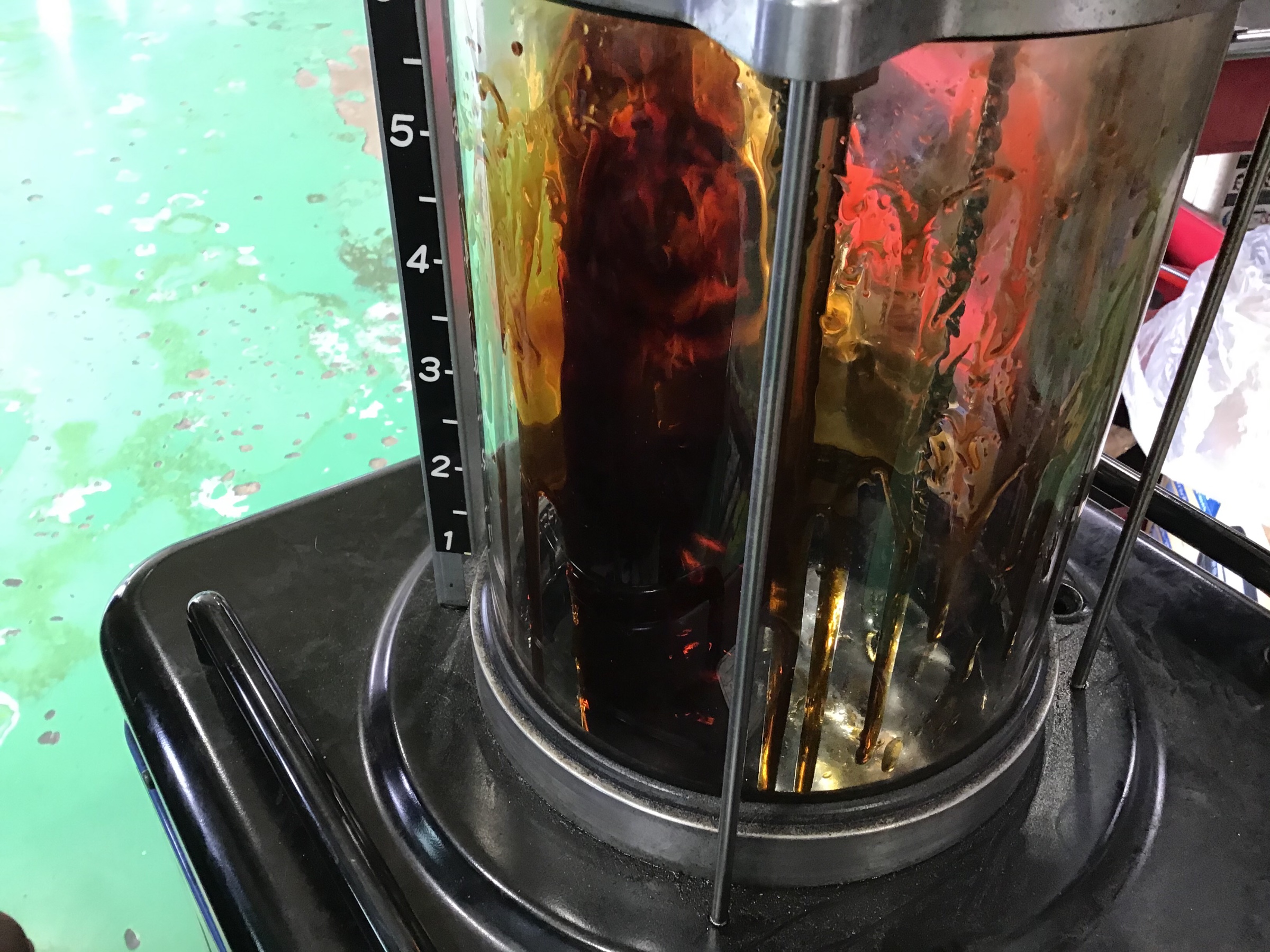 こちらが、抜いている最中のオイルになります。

----

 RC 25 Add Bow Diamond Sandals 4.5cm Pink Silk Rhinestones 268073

----

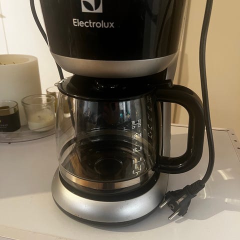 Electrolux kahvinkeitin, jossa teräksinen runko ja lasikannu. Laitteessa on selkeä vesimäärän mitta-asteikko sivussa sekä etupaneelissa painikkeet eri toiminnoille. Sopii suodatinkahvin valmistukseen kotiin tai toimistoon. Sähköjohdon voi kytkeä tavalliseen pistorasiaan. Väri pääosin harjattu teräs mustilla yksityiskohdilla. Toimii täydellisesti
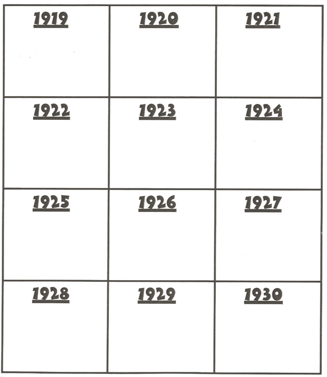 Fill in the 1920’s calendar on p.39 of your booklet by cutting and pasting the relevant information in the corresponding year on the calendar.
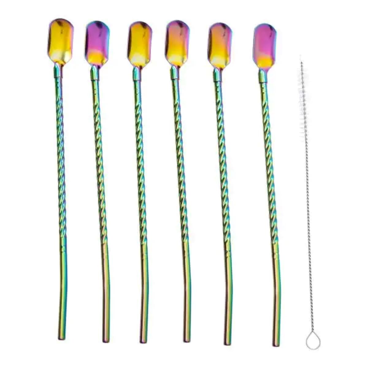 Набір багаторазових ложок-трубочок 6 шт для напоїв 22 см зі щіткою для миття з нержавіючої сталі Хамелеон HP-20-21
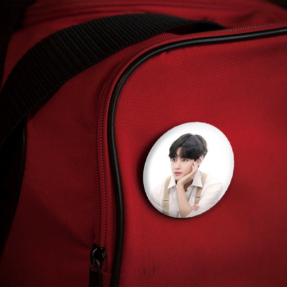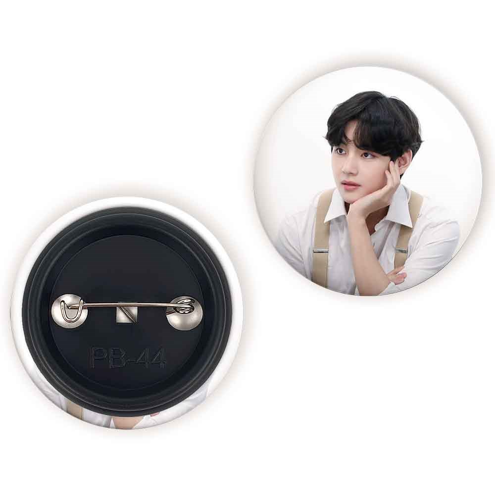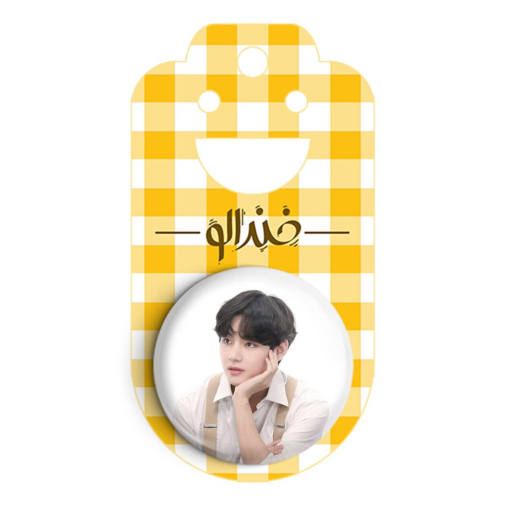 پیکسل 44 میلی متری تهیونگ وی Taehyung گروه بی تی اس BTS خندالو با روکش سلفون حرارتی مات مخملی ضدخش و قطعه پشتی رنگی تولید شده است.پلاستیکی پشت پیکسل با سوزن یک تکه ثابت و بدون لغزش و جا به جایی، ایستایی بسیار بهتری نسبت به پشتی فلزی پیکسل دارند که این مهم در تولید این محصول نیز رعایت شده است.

----

- **Your goal**
The stretch above running from the line with "Набір багаторазових ложок-трубочок" through the line with "پیکسل 44 میلی" is all you should copy, exactly, leaving out the pictures.

- **Answer space**
 Набір багаторазових ложок-трубочок 6 шт для напоїв 22 см зі щіткою для миття з нержавіючої сталі Хамелеон HP-20-21
 پیکسل 44 میلی متری تهیونگ وی Taehyung گروه بی تی اس BTS خندالو با روکش سلفون حرارتی مات مخملی ضدخش و قطعه پشتی رنگی تولید شده است.پلاستیکی پشت پیکسل با سوزن یک تکه ثابت و بدون لغزش و جا به جایی، ایستایی بسیار بهتری نسبت به پشتی فلزی پیکسل دارند که این مهم در تولید این محصول نیز رعایت شده است.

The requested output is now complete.